# WHAT THIS TASK INVOLVES
Pick out all lines of the entries that include the word "with" and copy them.

# DATASET RECORDS
+-------+
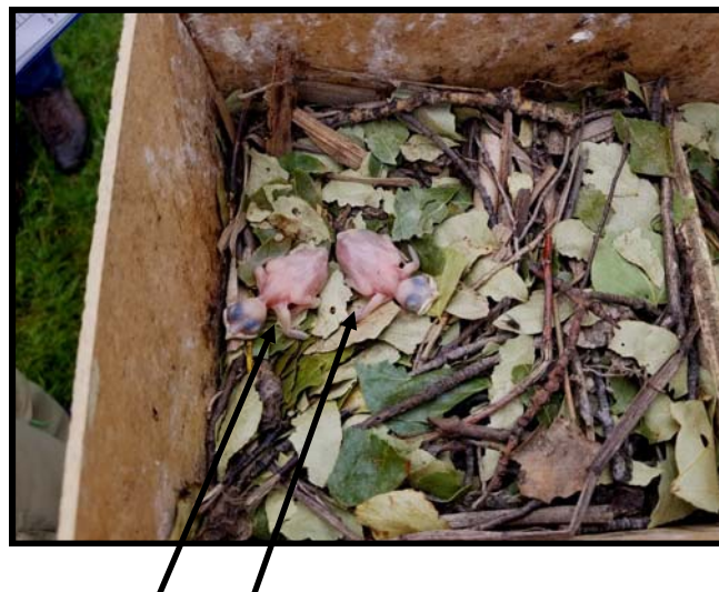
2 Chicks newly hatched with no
+-------+
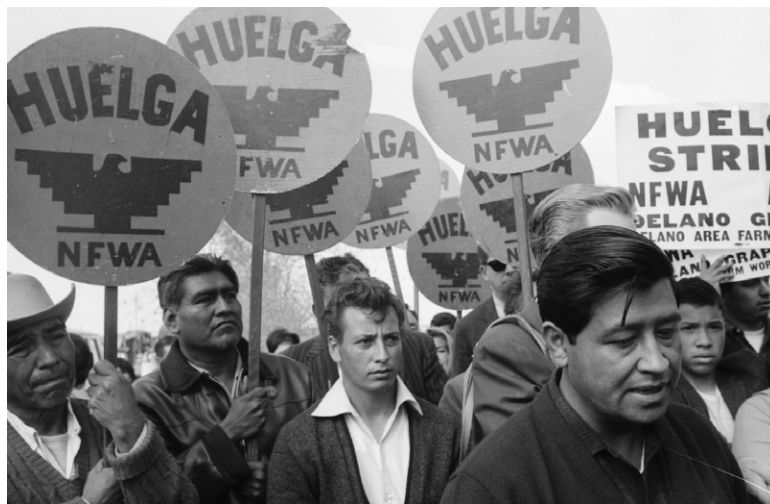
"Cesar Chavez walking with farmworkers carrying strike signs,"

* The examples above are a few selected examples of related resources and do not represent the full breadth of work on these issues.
+-------+
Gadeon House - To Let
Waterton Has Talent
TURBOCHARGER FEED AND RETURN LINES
+-------+
# EXERCISE SOLUTION
2 Chicks newly hatched with no
"Cesar Chavez walking with farmworkers carrying strike signs,"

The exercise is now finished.